Here's the cybersecurity debate Clinton and Trump should have had

Donald Trump and Democratic presidential nominee Hillary Clinton speak at the same time during the presidential debate at Hofstra University. (Rick T. Wilking/Pool via AP)
Donald Trump and Democratic presidential nominee Hillary Clinton speak at the same time during the presidential debate at Hofstra University. (Rick T. Wilking/Pool via AP)

Last night’s presidential debate between Democrat Hillary Clinton and Republican Donald Trump had a surplus of strange moments, but few could top a sequence about cybersecurity that pivoted on who’s to blame for recent hacks of Democratic National Committee servers.

Clinton led off with the obvious—“cyber warfare will be one of the biggest challenges facing the next president”—and noted the importance of distinguishing between commercial and state-sponsored or state-executed attacks. The former Secretary of State suggested that Russia deserved close scrutiny and should possibly face counterattacks: “The United States has much greater capacity, and we are not going to sit idly by.”

Trump, however, shrugged off the idea that Russia was behind the DNC hacks. “It could be Russia, but it could also be China. It could also be lots of other people,” he said. “It also could be somebody sitting on their bed that weighs 400 pounds, OK?”
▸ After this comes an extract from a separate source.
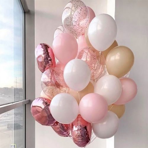 Пятнадцать воздушных сфер в пудровой гамме собраны в лёгкое парящее облако. Золото добавляет тепла, а розовый и беж создают мягкий переход оттенков. Композиция удерживается грузиком и смотрится невесомо.
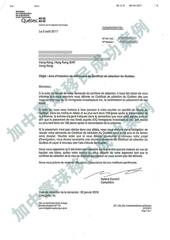 2017年8月3日,加拿大移民魁省項目,白先生獲免面試通過信

Trump’s who-really-knows take on “the cyber” continued with his complimenting his 10-year-old son Barron for being “so good with these computers, it’s unbelievable” but but then suggesting that “the security aspect of cyber is very, very tough.”

Trump’s grasp of the material seemed a whole lot thinner than Clinton’s — he’s definitely not ready to start giving keynote speeches at cybersecurity conferences — but neither candidate provided much clarity about what they would do to strengthen America against online attacks. For that to happen, we’d need a debate on cybersecurity issues that had time to get into more than one of them. These topics would make for a good start:

Encryption

Clinton’s campaign has stayed squishy on the subject of how much of a problem it is for hardware and software developers to build encryption into their products that can’t be unlocked without the help of the user. Her latest contribution to this debate was suggesting that we study the problem further. Trump, meanwhile, departed from his usual vagueness to denounce Apple for its effrontery in not helping the FBI unlock the iPhone of one of the San Bernardino shooters, saying “who do they think they are?”

Vulnerability hoarding

Last month, a group of hackers began selling tools to attack routers from Cisco Systems, Juniper Networks and other vendors — tools that exploited vulnerabilities that the National Security Agency had apparently known for years without disclosing them to the companies affected. We’ve traditionally accepted that the NSA can hang onto “vulns” to launch surprise attacks against targets in other countries, but how long should it be able to hoard them without advising US firms to patch their systems?